An exact restatement of the entire listing is needed, excluding all images.
***** Data shown
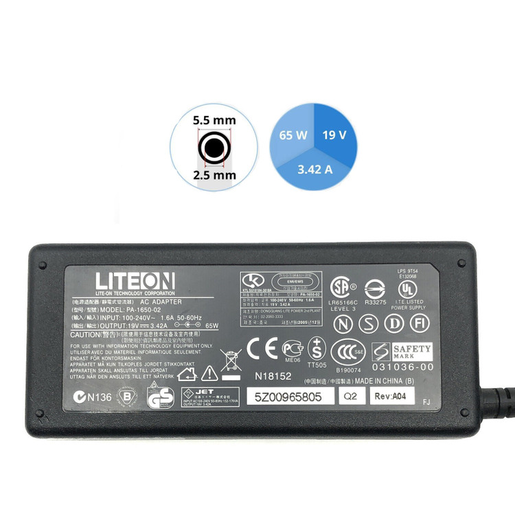 - ولتاژ 19 ولت و جریان 3.42 آمپر (3420 میلی آمپر) ماکزیمم و توان 65W
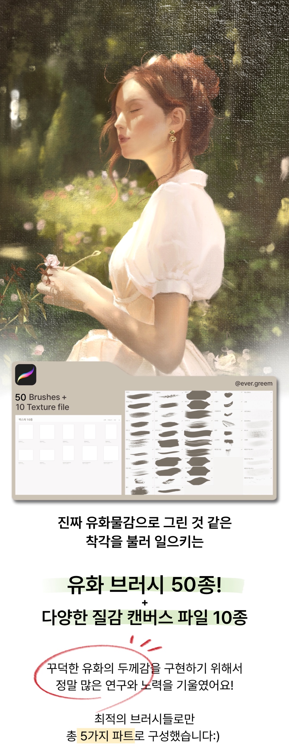유화 브러시는 총 50종의 브러시로,
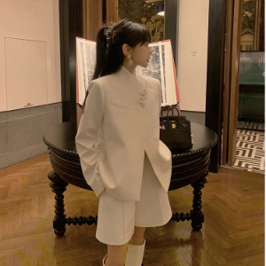 Белый костюм-пиджак и шорты с бесплатной брошью
**********
[Solution to the exercise]
 - ولتاژ 19 ولت و جریان 3.42 آمپر (3420 میلی آمپر) ماکزیمم و توان 65W
유화 브러시는 총 50종의 브러시로,
 Белый костюм-пиджак и шорты с бесплатной брошью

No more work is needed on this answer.